Gumby, a diminutive pony-tailed drummer, believes Pakistani rock music is vibrant enough to withstand pockets of extremism and shield society at large from Western fears of the Taliban.
“I’ve been in the industry more than two decades and have seen Pakistani music rise, fall and rise again. Our culture is resilient, which won’t allow the Taliban to take over our society,” the 34-year-old said.
Louis John Pinto, better known as Gumby, launched himself on the rock circuit as a drummer and percussionist while a teenager and has played as a session musician with all the major cult bands in the country.
PHOTO: AFP
Pakistan has seen creeping religious conservatism for years.
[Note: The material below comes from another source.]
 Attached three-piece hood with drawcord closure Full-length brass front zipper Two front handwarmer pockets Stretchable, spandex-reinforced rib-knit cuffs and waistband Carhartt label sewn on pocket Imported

Its military is fighting to put down Taliban militants in the northwest and tribal belt on the Afghan border, albeit far from cities populated by the moderate elite.
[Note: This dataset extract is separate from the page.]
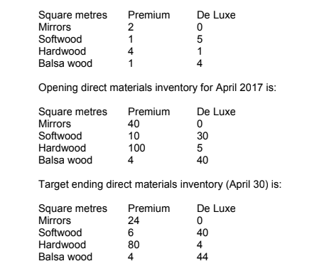 De Luxe wardrobes - medium sized wardrobes with an innovative shelving solution Direct manufacturing labour is 3 hours for the premium wardrobe and 5 hours for the De Luxe. The budgeted direct material usage for each product in 2017 is:

Extremists have blown up hundreds of music and DVD shops in the northwest, branding them against Islam and forcing traders to display pro-Taliban tirades against the US to gruesome clips of beheadings and bomb attacks.
Hundreds of kilometers away in his compact studio in a multi-story building in Clifton, Karachi’s poshest address, Gumby said the future of music is promising, with money and passion being injected afresh into the industry.
“Making music one’s livelihood was thought to be a taboo for people here, but now parents themselves encourage their children to learn music, which shows we have a brighter future,” he said.
At one recent concert at an open-air amphitheater in Islamabad, young middle-class Pakistanis dressed in tight jeans braved a chilly night to cheer bands introduced by two young women teetering on high heels.
In the more expensive stalls, parents brought young children, even babies and grandparents to listen to the music.
Successive governments have encouraged culture by relaxing curbs on artists and intellectuals. The explosion of independent television and radio in the last decade has also fostered musical talent.
“It is the one thing which comforts our people who are sick of terror attacks and political instability in the country,” Gumby said.
Hamza Jafri agreed. Last year he opened the Guitar School in Lahore, Pakistan’s relatively liberal and wealthy cultural capital in the east, which now teaches rock guitar to dozens of girls and boys aged seven to 20.
“Students are forming bands and the youngest one consists of three seven-year-olds,” said Abid Khan, one of the founders of the school.
Most pupils come from wealthy families and are actively encouraged by their parents. Some dream of going professional.
“I want to become a rock star,” said a shy 10-year-old who gave his name only as Kashan.
Hasan Zaidi, a film producer and director who has chronicled Pakistani music, sees a renaissance in underground contemporary pop.
“Pakistani pop is beginning to discover its own voice moving beyond bubblegum songs about love, by creating fusion with indigenous folk and singing songs about what is happening around us,” he said.
Others, however, said that shows and concerts were declining because of economic woes and fears of bomb attacks — hammering musicians’ main source of income, which rampant piracy deprives them from in sales of DVDs and CDs.
“Terrorism and a weak economy have affected the music industry dearly,” said Ali Azmat, one of the most famous contemporary rock stars in Pakistan. “There has been a 50 to 60 percent decline in shows and concerts and overall earnings since 2005.”
He accused “Western powers and their intelligence agencies” of harboring an agenda against Pakistan. Instead, his recent album Kalashnifolk focused on the agonies of social problems that he feels are Pakistan’s real plague.
Six years ago Junaid Jamshed, Pakistan’s most famous frontman — lead singer with Vital Signs, the country’s first rock band, that emerged in 1986, renounced music and his playboy image to turn to religion.
Today he owns designer outlets specializing in conservative dress, keeps his beard long and joined preaching organization Tablighi Jamaat.
Critics hold General Zia-ul-Haq and his 11 years of military rule from 1977 to 1988 responsible for infringing the country’s pluralistic tolerant culture and initially driving rock music underground.
“The early 1980s also saw the rise of political pop, whose lyrics explicitly dealt with issues of freedom and repression,” Zaidi said.
Certainly for band Laal, which means Red in Urdu, their music is all about politics and Marxism.
One of their songs became an anthem for the lawyer’s protest movement that resulted last year in the government restoring the independent judiciary after a two-year hiatus.
“We are interested in playing music of resistance, struggle and emancipation,” said lead guitarist Taimur Rehman, who is studying for a doctoral degree in London.
The band’s most popular song is based on popular poems of Habib Jalib, a renowned Pakistani poet who opposed military rule and state oppression in the 1960s, although followers believe his words are as relevant today as ever.
“You are the truth; they are an illusion, My prayer is that ou remain president forever,” is one of their lyrics, which resonates today with critics of Pakistani President Asif Ali Zardari, who want him to resign over graft allegations.